Wreszcie są duchy tych, którzy zmarli.

Tu szczególnie należy mieć się na baczności.
Nieodzowny jest głęboki dar rozeznania. Wskazówką niech będą słowa Pisma
Świętego, zaczerpnięte z Ewangelii według świętego Łukasza, kiedy to Jezus
mówi, że „duch nie ma ciała, ani kości” (Łk 24,39)[1], oraz z Księgi
Hioba, gdy bohater mówi: „lekki powiew przeszedł po mojej twarzy, włosy
zjeżyły mi się na głowie” (Hi 4,15) — a pamiętajmy, że mógł to być równie
dobrze duch, demon, jak i anioł. Z kolei Druga Księga Machabejska daje
wymowne świadectwo o tym, że prorok Jeremiasz ukazał się we śnie jednemu z
żydowskich przywódców (2 Mch 15,12-16). Ten wątek rozwinę w dalszej części
książki.

Jak to ujął pewien autor, brat Ignatius Mary,
wskazówki rzucające światło na naturę duchów możemy zaczerpnąć z Pisma Świętego. Wiedzę, że te istoty pozbawione są
fizyczności — ciała i kości — czerpiemy z Łk 24,39. O tym, że mogą
nawiązywać kontakt z żywymi, świadczą ustępy z Mądrości Syracha (Syr
46,20) oraz z Pierwszej Księgi Samuela (1 Sm 28). Wiemy również, że
przynajmniej w niektórych okolicznościach „umarli mogą powstać z martwych”
za przyzwoleniem Bożym (1 Sm 28). Biblia naucza, że nie jest wykluczone,
by „zmarli objawili się ludziom na ziemi” (Mt 27; 1 Sm 28). Idąc tym
tropem rozumowania, trzeba stwierdzić, że zmarli, którzy znów pojawili się
na ziemi, mogą „stanąć w obliczu żywych i rozmawiać z nimi” (Łk 16, 27-31;
1 Sm 28). Jak oświadcza brat Ignatius, nie jest tajemnicą, że „ludzie za
życia posiadają zdolność równoczesnego przebywania w dwóch miejscach (Ap
17,3; 21,10; 2 Kor 12,2). Przecież wiemy, że duchy mogą kontaktować się z
ludźmi poprzez sny, a taka forma nawiedzenia wywołuje w odbiorcy
konkretną, fizyczną reakcję (Hi 4,15)”.

Takie samo przekonanie wyraża ojciec F.X. Schouppe —
autor sławnego dzieła noszącego tytuł Czyściec w świetle legend i żywotów świętych — kiedy pisze, że „duchy zmarłych czasami ukazują się
żywym” oraz że „nie sposób nie zgodzić się z tym faktem.
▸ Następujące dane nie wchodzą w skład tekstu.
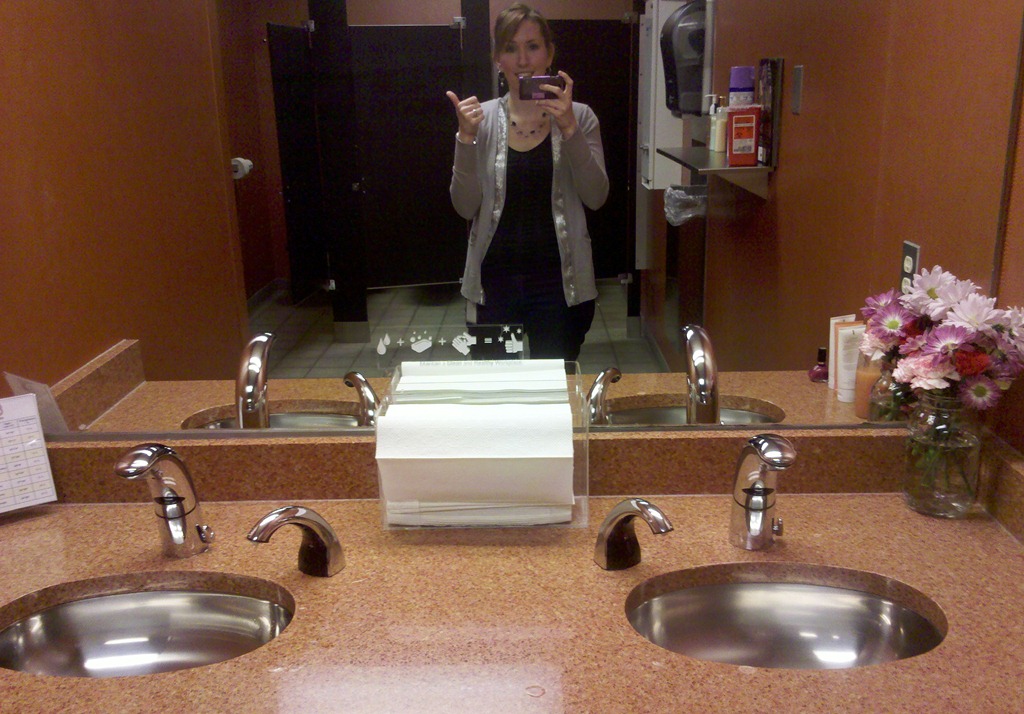 Yes, I took a picture of myself in the bathroom at work and the whole time I was terrified someone would walk in on me and I’d have to explain that I was shooting pictures for my blog. At which time I’d have to further explain that no, my blog is not about bathrooms but about quirky goings on at the office. And then it would get awkward and I’d run away in shame. But thankfully no one walked in so I dodged a bullet.
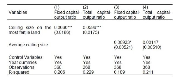 Table 1. Relationship between land ceilings and investment in fixed and total capital-output ratios

Dusze cierpiące
męki czyśćcowe często ukazują się żywym. Wzmianki o takich zdarzeniach
pojawiają się w żywotach świętych, jednak takie przeżycia mogą również być
udziałem ogółu wiernych”.

Ojciec Schouppe cytuje za świętym Tomaszem z Akwinu,
że „nie bez podstaw jest przekonanie — które nota bene współgra
ze słowami świętych, dostępujących szczególnych, osobistych objawień — że
czyściec podzielony jest na dwa pokutne rejony. Większość dusz czyśćcowych
trafia do części, która leży w bezpośrednim sąsiedztwie piekieł, natomiast
rejon drugi przeznaczony jest dla przypadków wyjątkowych i to z tego
miejsca pochodzą nawiedzające nas dusze”.

Na przestrzeni wieków pojawiały się również
doniesienia o nawiedzeniach przez duchy przybywające wprost z Nieba.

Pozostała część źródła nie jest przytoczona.